What to work on: Everything from the line with "Bank of China, 5" to the line with "4日當天,特朗普通過其Tru" in the listing below, both lines included, needs to be copied exactly, apart from the pictures.

Stored data:
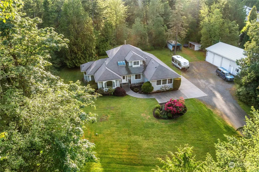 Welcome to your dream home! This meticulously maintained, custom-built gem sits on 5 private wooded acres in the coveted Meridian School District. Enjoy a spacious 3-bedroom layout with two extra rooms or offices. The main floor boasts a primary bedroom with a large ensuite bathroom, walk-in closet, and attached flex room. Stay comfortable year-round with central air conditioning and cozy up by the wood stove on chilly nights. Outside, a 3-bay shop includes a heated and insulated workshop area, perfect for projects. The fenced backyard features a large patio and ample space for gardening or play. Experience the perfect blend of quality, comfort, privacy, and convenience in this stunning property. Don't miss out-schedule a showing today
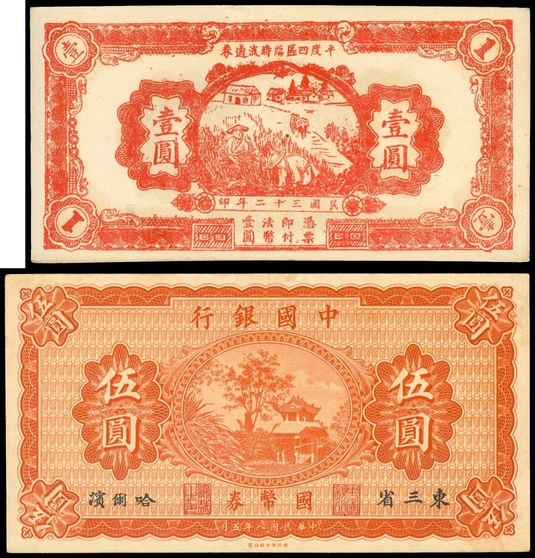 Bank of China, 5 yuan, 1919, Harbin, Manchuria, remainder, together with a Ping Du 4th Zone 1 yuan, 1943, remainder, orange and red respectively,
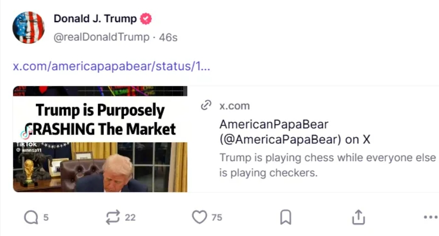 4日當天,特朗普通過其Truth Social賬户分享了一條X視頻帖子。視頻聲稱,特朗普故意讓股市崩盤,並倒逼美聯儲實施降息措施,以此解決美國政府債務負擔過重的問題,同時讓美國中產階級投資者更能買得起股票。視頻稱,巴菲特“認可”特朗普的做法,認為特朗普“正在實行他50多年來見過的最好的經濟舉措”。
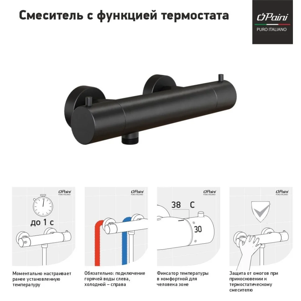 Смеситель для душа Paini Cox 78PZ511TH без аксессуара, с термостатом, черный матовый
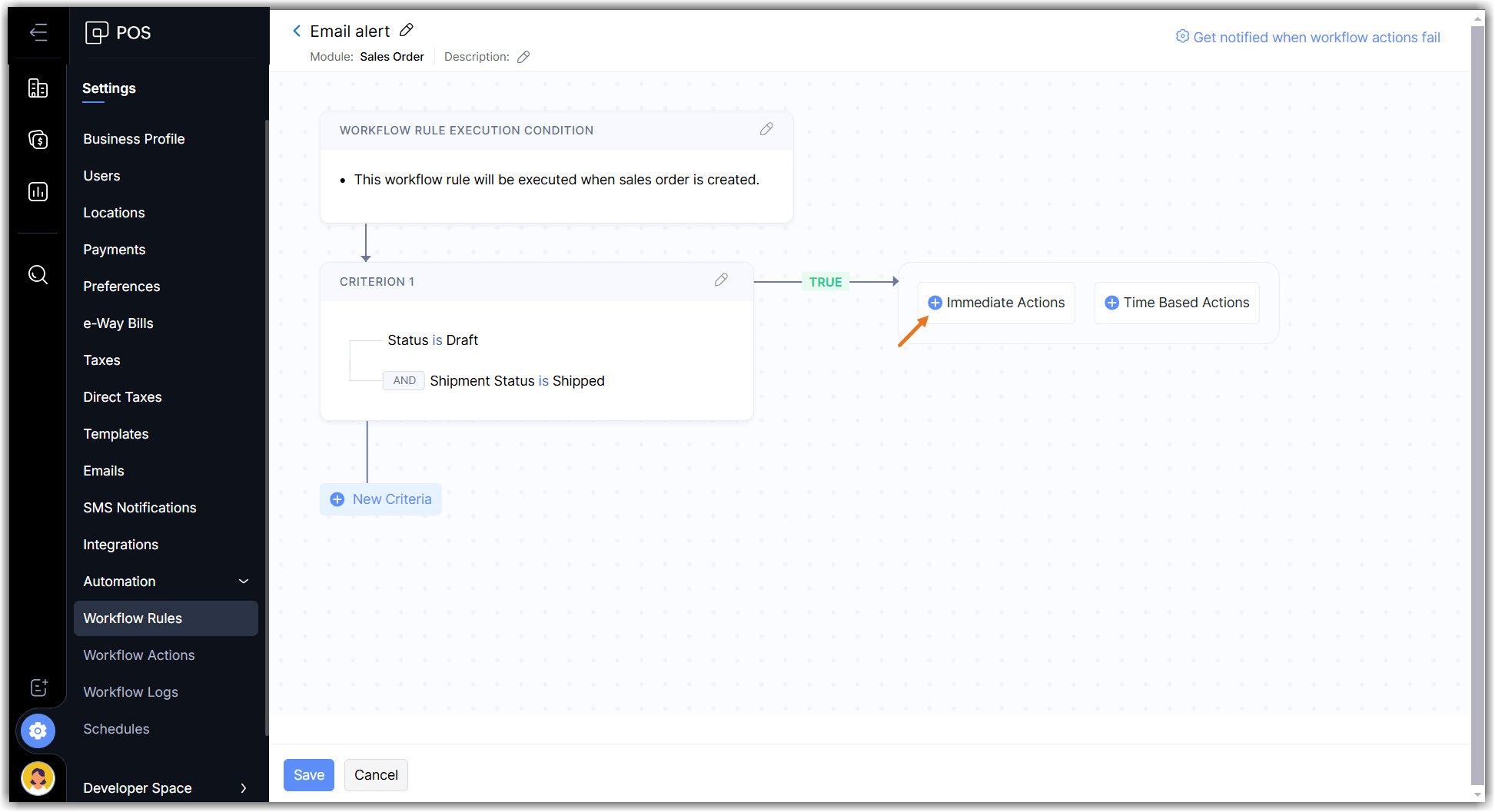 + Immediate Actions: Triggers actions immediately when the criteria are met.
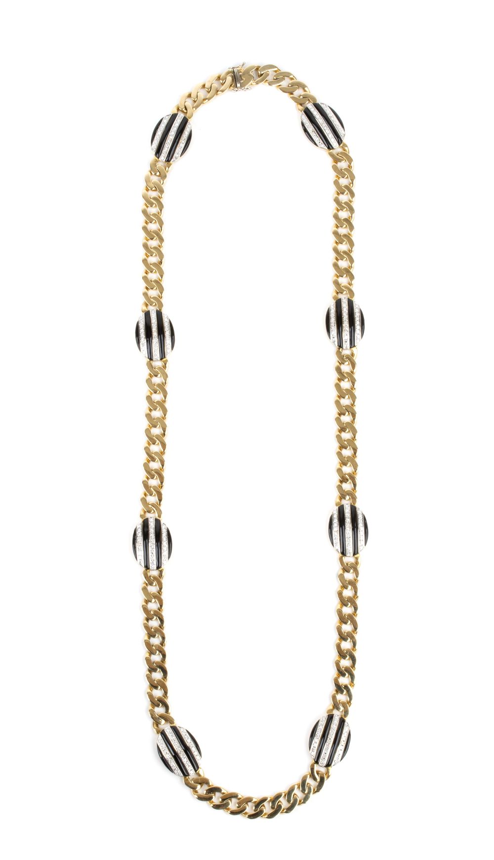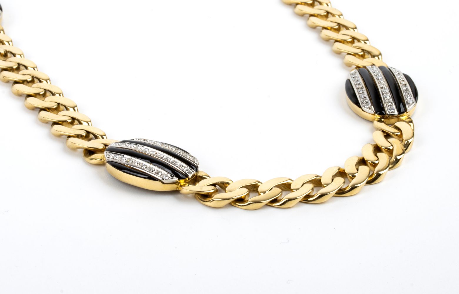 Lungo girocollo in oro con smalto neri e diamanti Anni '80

...

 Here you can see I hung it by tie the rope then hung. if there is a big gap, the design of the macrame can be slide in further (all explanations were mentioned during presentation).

...

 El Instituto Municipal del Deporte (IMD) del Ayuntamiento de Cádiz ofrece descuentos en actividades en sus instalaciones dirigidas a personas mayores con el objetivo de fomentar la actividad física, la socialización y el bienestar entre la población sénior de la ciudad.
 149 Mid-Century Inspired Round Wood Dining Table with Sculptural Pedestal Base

Result below:
 Bank of China, 5 yuan, 1919, Harbin, Manchuria, remainder, together with a Ping Du 4th Zone 1 yuan, 1943, remainder, orange and red respectively,
 4日當天,特朗普通過其Truth Social賬户分享了一條X視頻帖子。視頻聲稱,特朗普故意讓股市崩盤,並倒逼美聯儲實施降息措施,以此解決美國政府債務負擔過重的問題,同時讓美國中產階級投資者更能買得起股票。視頻稱,巴菲特“認可”特朗普的做法,認為特朗普“正在實行他50多年來見過的最好的經濟舉措”。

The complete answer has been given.